Camarón es en Galicia, donde los hay de varias clases, y, aunque se dan un aire en la forma con gambas y langostinos, en nada se parece su sabor, ni su precio es el _palaemon serratus_. La gamba y el langostino (que no se pesacan en aguas gallegas) cuestan de media unos 12 euros el kilo, mientras que el camarón terciado (de un tamaño como el de un dedo meñique de adulto) se vende a unos 50 euros.
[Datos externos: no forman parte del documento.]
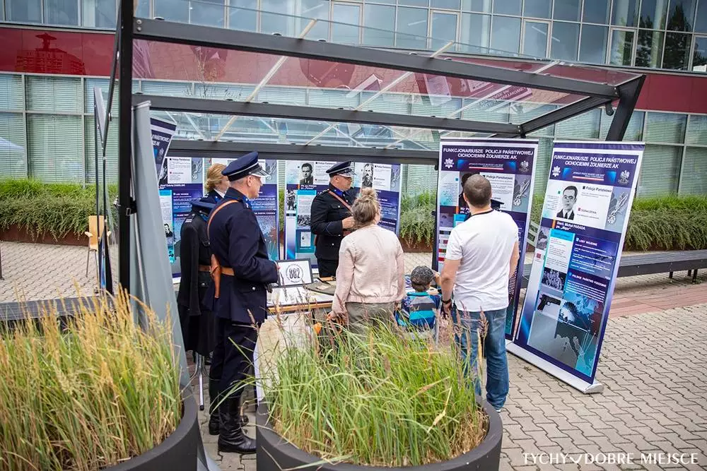 W ramach obchodów święta policji przed budynkiem Mediateki zorganizowano także gry, zabawy i niespodzianki dla dzieci m.in. policyjna grupa rekonstrukcyjna, Sznupek - maskotka śląskiej policji, dmuchany zamek dla najmłodszych, radiowozy i motocykle policyjne, konie i psy policyjne, a także symulatory dachowania zderzeniowy.

Recién pescado tiene el camarón un color grisáceo (como el de los langostinos), pero al cocer adquieren un hermoso color escarlata brillante, que en nada se parece a los pálidos tonos rojizos de gambas y langostinos cocidos.
Quisquilla es palabra española y designa un camarón de tamaño reducido (en Galicia ilegales). Es como llaman los turistas al camarón gallego (con gran hilaridad entre los nativos).
Langostino es palabra española y designa varias especies afines o parecidas al penaeus trisulcatus, de reciente comercialización en Galicia (se empiezan a consumir cuando llegaron al mercado gallego desde aguas australes congelados por Pescanova desde los años de 1950). Se usó la palabra española langostino que por su parecido con el la(n)gostín del gallego que designaba (y en algunos puertos, como Marín, en el habla de la gente de edad todavía designa) a la especie scyllarus arctus (las que se pescan en el caladero del Atlántico Norte llamado Gran Sol, por ejemplo) y otras afines, hizo adoptar del catalán la palabra cigala, para designar a ésta última.
La la(n)gosta, palinurus elephas, y el bogavante, homarus gammarus, (por aquí usamos más lu(m)brigante o cereixo, si es pequeño) son ya de mayor tamaño (comí una vez un lumbrigante de cuatro kilos y setecientos gramos bien pesados) que todo lo hasta ahora tratado. El bogavante tiene unas fuertes pinzas, que la langosta no tiene (pero sí cinco antenas, que no se comen), además de un color azulado brillante que al cocer se convierte en colorado, mientras la langosta es mucho más pálida.
Todo este léxico, de origen gallego y raíces celtoides en su mayor parte, es básicamente parecido al portugués y al español, pero con sus matices.
Redacté esto a vuelapluma y quizás haya quedado algo desordenado y pobre (me faltan variantes de los nombres y especies endógenas de Galicia como los santiaguiños), pero dá una idea de la complejidad del tema y de los trasvases de sentidos y palabras entre las lenguas hispánicas. El gallego posee, con respecto al español y al portugués una mayor riqueza denominativa por el hecho de que la _*rías gallegas*_ son una zona marisquera muy especial, con un ecosistema que favorece la cría del mejor marisco que hay en el mundo (y no lo digo yo, sino los entendidos en gastronomía, por la temperatura de sus aguas (entre 15 y 17 grados) y su abundancia en nutrientes. Unos enormes viveros naturales y una de las fuentes de riqueza en mi tierra.


----------



## clarachiara

Muchas gracias por tu detallada explicación, pero creo que me he explicado mal, así que paso al español. Lo que yo necesito es una traducción al español lo más correcta posible de las palabras portuguesas "camarão" y "gamba".


----------



## XiaoRoel

*Camarão*, en español _langostino_ (el _*camarão*_ de verdad, el de piedra, al que me refería antes, en España en general se llama _quisquilla_, y en Portugal, en Peniche los oí llamar _*camarãozinhos*_, pero no abunda en Portugal, por su tipo de costa, sólo los comí allí en Aveiro y Peniche). Una *gamba* es una _gamba_ y es castellanismo en portugués (los diccionarios incluso lo traen en cursiva como extranjerismo no integrado en el léxico portugués..


----------



## willy2008

Aquí en Argentina el camarón y el langostino son distintos, el langostino es mas grande y rosado.


----------